Suppose $f$ is continuous at $c$ with $\alpha$ as given. Then for every $\epsilon > 0$ there exists $\delta > 0$ such that $|f(x)-f(c)| < \epsilon$ when $|x-c| < \delta$.
Let $P$ be a partition of $[a,b]$ with $||P||< \delta$. We have some subinterval of $P$ such that $c \in [x_{j-1},x_j)$.
Note that
$$S(P,f,\alpha) = \sum_{i=1,i\neq j}^{n}f(\xi_i)[\alpha(x_i)-\alpha(x_{i-1})]+f(\xi_j)[\alpha(x_j)-\alpha(x_{j-1})]$$
The first sum on the RHS vanishes since $[\alpha(x_i)-\alpha(x_{i-1})] = 0$ if $i \neq j$.

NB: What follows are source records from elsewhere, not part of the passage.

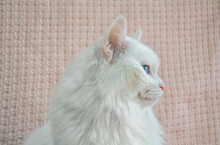 a cute white Angora cat with beautiful blue eyes is sitting on the sofa on a pink blanket and angrily looking straight ahead. Portrait of fluffy white Turkish angora close-up
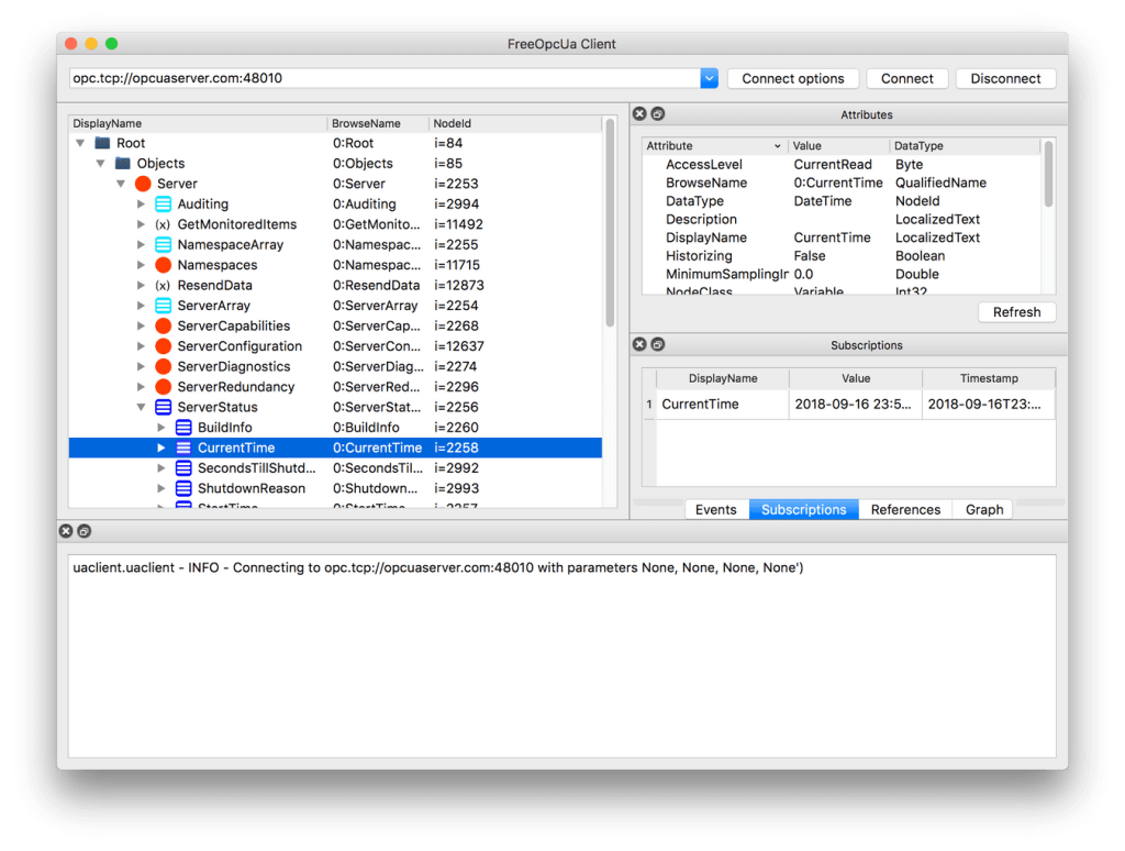 Explore and find the node which is displayed as **CurrentTime**. Select it and take a look at the **Attributes** pane – according to the **NodeClass** attribute we are dealing with a **Variable** which, by specification, contains a **Value** attribute. Variable nodes allow us to read and write data, depending on the **AccessLevel** attribute.
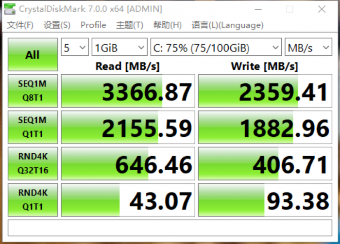 通过对联想YOGAS740-14内置512GBSSD的连续擦写,可以看到读取速度为3366.87MB/s,写入速度为2359.41MB/s。这个读写速度已经相当不错了,小编在日常使用的时候也感到非常流畅,512GB大小也足够日常办公和娱乐使用,值得一提的是这块儿硬盘采用了可拆卸设计,用户后期可根据自身需求进行升级。
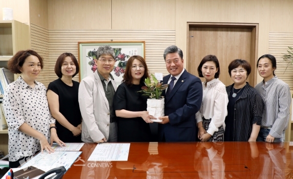 이날 세종시민사회단체연대회 관계자들은 의정모니터링 보고서를 의회에 제출하기 위해 산업건설위원회 차성호 위원장의 집무실을 찾았다. 차 위원장은 시민단체 관계자들로부터 축하 화분을 건네받은 후 2019행정사무감사 모니터링에 대한 총평과 소감을 청취했다.
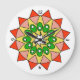 Mandala en rouge, rose, vert, jaune. Les diamants rouges et roses bordent le cercle extérieur. A l'intérieur sont des ovales vertes avec des points blancs sur une étoile jaune. Au centre se trouve une forme spirale blanche. Les numéros 12, 3, 6 et 9 sont situés sur un arrière - plan blanc entre les triangles rouges qui pointent vers l'extérieur.
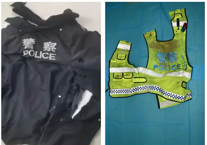 1月12日,记者在殡仪馆见到了康心之生前穿的警服与反光背心。因为被卷入车底,他的警服多处被磨烂、撕裂,反光背心也是如此上面一大片血迹清晰可见。
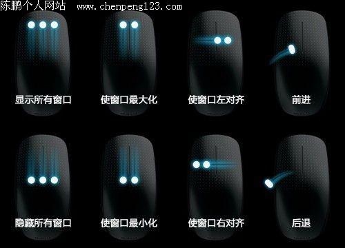 微软Touch Mouse鼠标所设计的八种手势,针对商务办公用户设计,通用性更强,使用更加便捷,操作更为流畅。除去单指在鼠标前端上下左右移动具有四向滚轮功能外, 还设计有双指的窗口左右对齐和最大/最小化。微软Touch Mouse鼠标还前所未有的将鼠标可识别触控点数增加到了3个。微软Touch Mouse鼠标尽管设计有驱动软件,但是功能相对较为有限
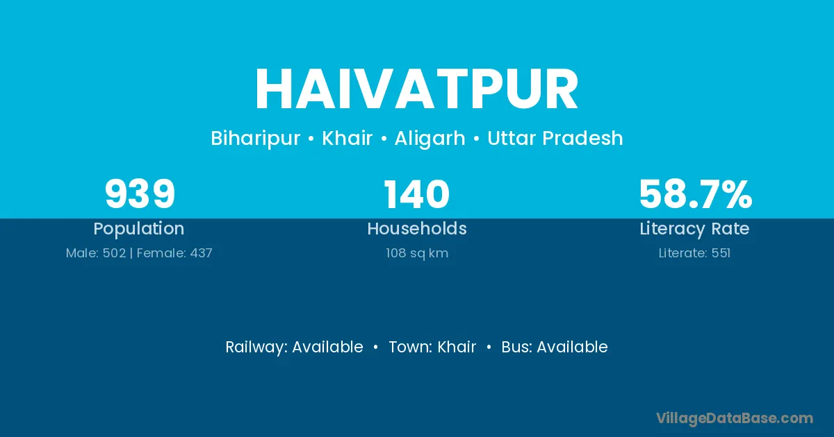Iglas (14 km) is the nearest town to Haivatpur village for major economic activities and is located approximately 14 km away.

We have $\xi_j,c \in [x_{j-1},x_j]$ and $|\xi_j-c| \leq ||P|| < \delta.$ Hence,
$$|S(P,f,\alpha) -f(c)|= |f(\xi_j)-f(c)| < \epsilon$$
Thus $f \in \mathcal{R}(\alpha)$ with
$$\int_a^bfd\alpha = f(c).$$
Here is the proof of the converse.
Suppose $f \in \mathcal{R}(\alpha)$ with $\alpha$ as given and
$$\int_a^bfd\alpha = f(c).$$
Then for every $\epsilon > 0$ there exists a partition $P_\epsilon$ such that if $P$ is any refinement and $S(P,f,\alpha)$ is any Riemann-Stieltjes sum then
$$|S(P,f,\alpha)- f(c)|< \epsilon.$$
We have some subinterval of $P$ such that $c \in [x_{j-1},x_j)$. Moreover any $\xi \in [x_{j-1},x_j]$ can be a tag of the Riemann-Stieltjes sum.
Note that
$$S(P,f,\alpha) = \sum_{i=1,i\neq j}^{n}f(\xi_i)[\alpha(x_i)-\alpha(x_{i-1})]+f(\xi)[\alpha(x_j)-\alpha(x_{j-1})].$$
The first sum on the RHS vanishes since $[\alpha(x_i)-\alpha(x_{i-1})] = 0$ if $i \neq j$.
Hence,
$$|S(P,f,\alpha) -f(c)|= |f(\xi)-f(c)| < \epsilon$$
Thus, for any $x$ such that $|x-c| < ||P||$ we have $|f(x)-f(c)|< \epsilon$.